QR Codes on the Command Line
I recently got a new Android phone and found that QR codes were a cool, quick way to transfer URLs and text. There were a couple cases where I found it useful to automatically generate the QR code and display it on my laptop screen for me to scan with my phone.
Instead of generating the codes as a png with an existing program and opening them in my image viewer, I figured I'd hack together a quick ruby script to do the job.
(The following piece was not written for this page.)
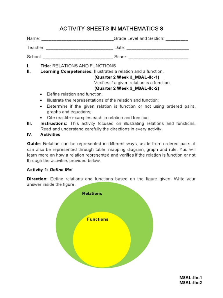 2.1: Relations and Functions - Mathematics LibreTexts A function is a relation that assigns to each element in its domain exactly one element in the range. For each ordered pair in the relation, each x -value is matched with only one y -value. Definition: Function A function is a relation that assigns to each element in its domain exactly one element in the range. Graphing Square Root Functions Worksheet Algebra 2 Students will use graphing functions worksheets to compare data and solve problems. Students will also be taught about different types of graphs. Some worksheets focus on graphing inverse functions and inverse relations. One worksheet may show the graphs for a function while another shows graphs for a function and its inverse. Function Notation Worksheet Algebra 2 - blissinspire All worksheets created with infinite algebra 2. Infinite algebra 2 function notation created date. This is a double sided practice page over functions domain range and function notation meant to provide comprehensive practice for the algebra 2 student. Algebra 2 Parent Functions And Transformations Worksheet Inverses Of Relations And Functions Worksheet (PDF) - thesource2.metro Relations And Functions Worksheet is genial in our digital library an online access to it is set as public consequently you can download it instantly. Our digital ... Reveal Algebra 2 MCGRAW-HILL EDUCATION. 2020 High school algebra, grades 9-12. Magnalia Christi Americana Cotton Mather 1853 Modeling, Functions, and Graphs Katherine Yoshiwara ...

Here's the result.

It encodes either its first argument or standard input to a QR code and prints that directly to the terminal with a small white border. I've found that the ZXing scanner program has a very easy time reading this. It automatically choses the smallest size of code which can fit the input, and has the lowest setting for error recovery.
Here's the script:
#!/usr/bin/env ruby
require 'rubygems'
require 'rqrcode'
LEVEL = 'l'
BLACK = "\e[40m"
WHITE = "\e[107m"
DEFAULT = "\e[49m"
SPACER = " "
text = ARGV[0] || STDIN.read
# make a qr code of the smallest possible size
qr = nil
(1..10).each do |size|
qr = RQRCode::QRCode.new(text, :level => LEVEL, :size => size) rescue next
break
end
width = qr.modules.length
puts WHITE + SPACER * (width + 2) + BLACK
width.times do |x|
print WHITE + SPACER
width.times do |y|
print (qr.is_dark(x,y) ? BLACK : WHITE ) + SPACER
end
puts WHITE + SPACER + DEFAULT
end
puts WHITE + SPACER * (width + 2) + BLACK
This requires the rqrcode gem and a terminal supporting ANSI color escape sequences (which is pretty much everything).